Skip to content

rocks_spool_load_shed_active

Type: Gauge
Labels: path
Set to 1 when this spool's load-shedding gate is latched, 0 otherwise. When set, ingress paths (SMTP, HTTP inject) reject traffic and foreground store/remove operations fail fast rather than stall.

Info

This metric has labels which means that the system will track the metric for each combination of the possible labels that are active. Certain labels, especially those that correlate with source or destination addresses or domains, can have high cardinality. High cardinality metrics may require some care and attention when provisioning a downstream metrics server.

Since: Dev Builds Only

The functionality described in this section requires a dev build of KumoMTA. You can obtain a dev build by following the instructions in the Installation section.

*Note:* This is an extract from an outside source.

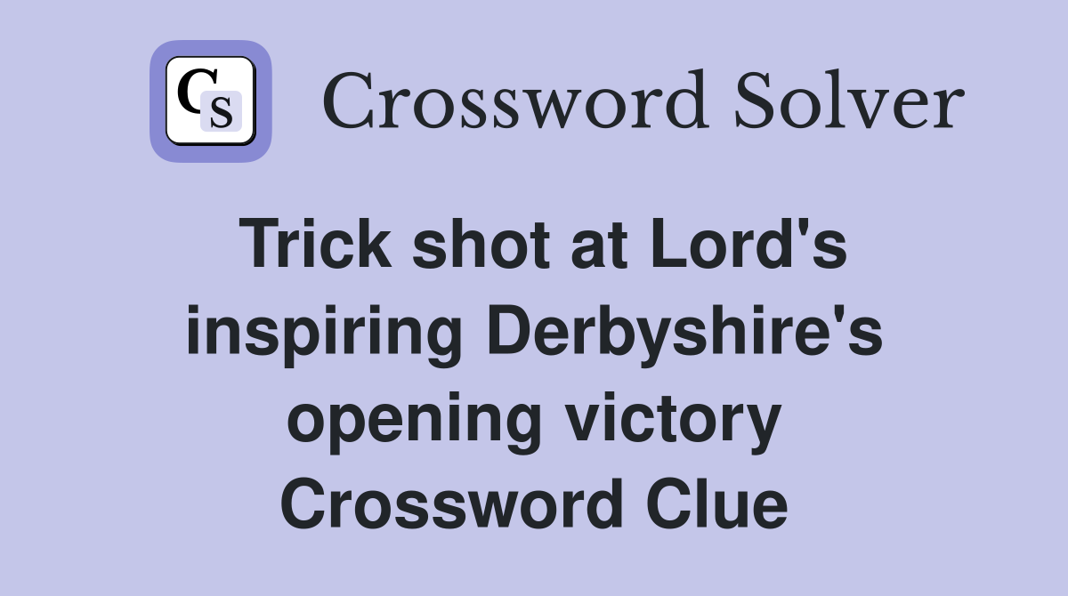 Trick shot at Lord #39 s inspiring Derbyshire #39 s opening victory Crossword

The gate latches in either of two ways:

  • Immediate: a foreground spool operation (load, store, remove) returns a rocksdb error classified as definitively bad (Corruption or IOError -- e.g. a missing or corrupt SST file discovered during a read). These conditions have no transient interpretation, so the gate latches on the first such observation.
  • Debounced: less specific failure signals -- background-errors has grown since this process started, or foreground operations have returned non-fatal errors -- sustained continuously for the configured error_latch_duration (default 15s). This filters out brief auto-resumed errors.

If allow_error_unlatch is enabled (the default), the gate auto-clears after error_unlatch_duration of observed recovery (default 5 minutes) with no new errors of either class. Otherwise it stays set until the process is restarted.

SREs should treat any sustained non-zero value as an operator-actionable incident; pair this metric with rocks_spool_background_errors to understand why.